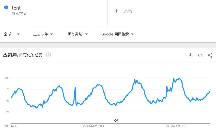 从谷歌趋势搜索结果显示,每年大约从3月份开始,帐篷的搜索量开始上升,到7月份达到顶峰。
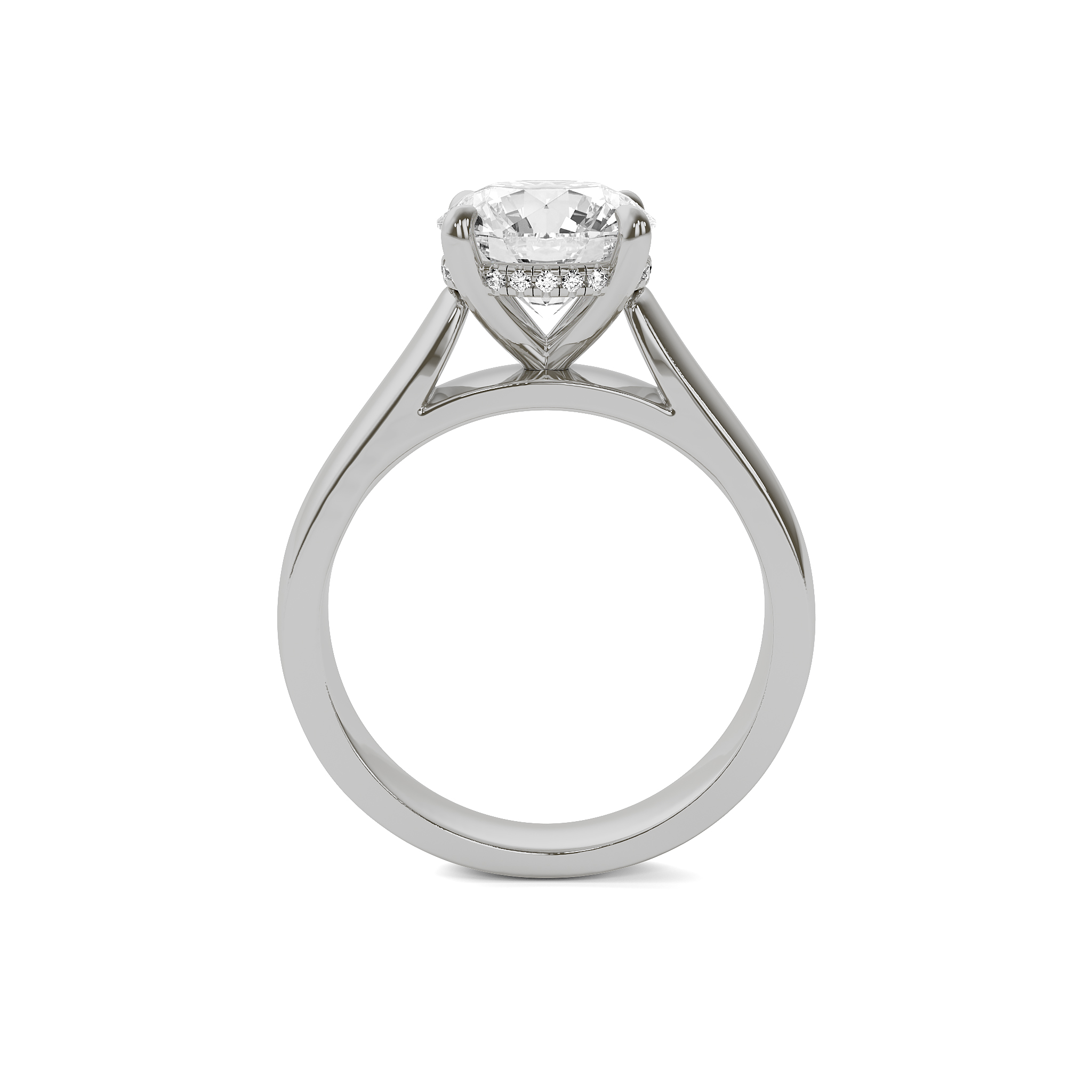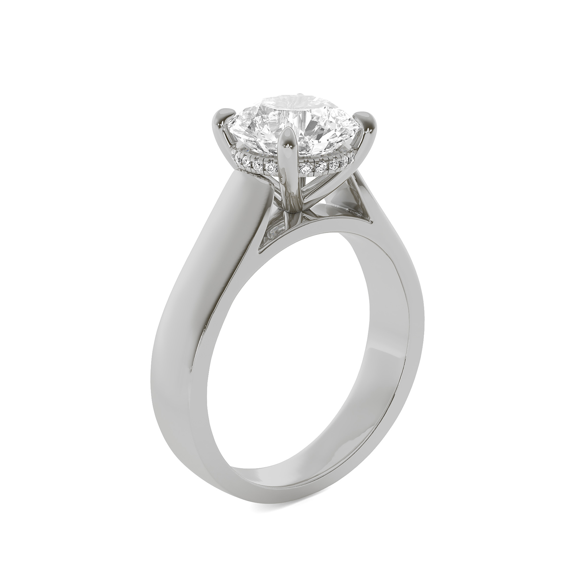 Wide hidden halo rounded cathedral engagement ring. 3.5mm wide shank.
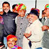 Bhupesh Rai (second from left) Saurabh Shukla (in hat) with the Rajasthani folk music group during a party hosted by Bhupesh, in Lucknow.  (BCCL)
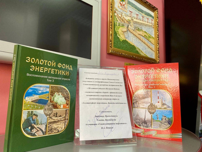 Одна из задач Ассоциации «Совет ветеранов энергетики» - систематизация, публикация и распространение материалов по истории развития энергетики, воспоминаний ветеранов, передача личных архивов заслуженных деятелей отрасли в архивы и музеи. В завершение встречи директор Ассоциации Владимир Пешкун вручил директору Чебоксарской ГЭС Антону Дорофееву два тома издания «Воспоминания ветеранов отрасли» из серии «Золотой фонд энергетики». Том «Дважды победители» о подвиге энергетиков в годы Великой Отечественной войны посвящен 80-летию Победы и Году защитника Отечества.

- _Task description_: Excluding the images, copy all of the material above verbatim.

- _Reply to the exercise_:
 从谷歌趋势搜索结果显示,每年大约从3月份开始,帐篷的搜索量开始上升,到7月份达到顶峰。
 Wide hidden halo rounded cathedral engagement ring. 3.5mm wide shank.
 Bhupesh Rai (second from left) Saurabh Shukla (in hat) with the Rajasthani folk music group during a party hosted by Bhupesh, in Lucknow.  (BCCL)
 Одна из задач Ассоциации «Совет ветеранов энергетики» - систематизация, публикация и распространение материалов по истории развития энергетики, воспоминаний ветеранов, передача личных архивов заслуженных деятелей отрасли в архивы и музеи. В завершение встречи директор Ассоциации Владимир Пешкун вручил директору Чебоксарской ГЭС Антону Дорофееву два тома издания «Воспоминания ветеранов отрасли» из серии «Золотой фонд энергетики». Том «Дважды победители» о подвиге энергетиков в годы Великой Отечественной войны посвящен 80-летию Победы и Году защитника Отечества.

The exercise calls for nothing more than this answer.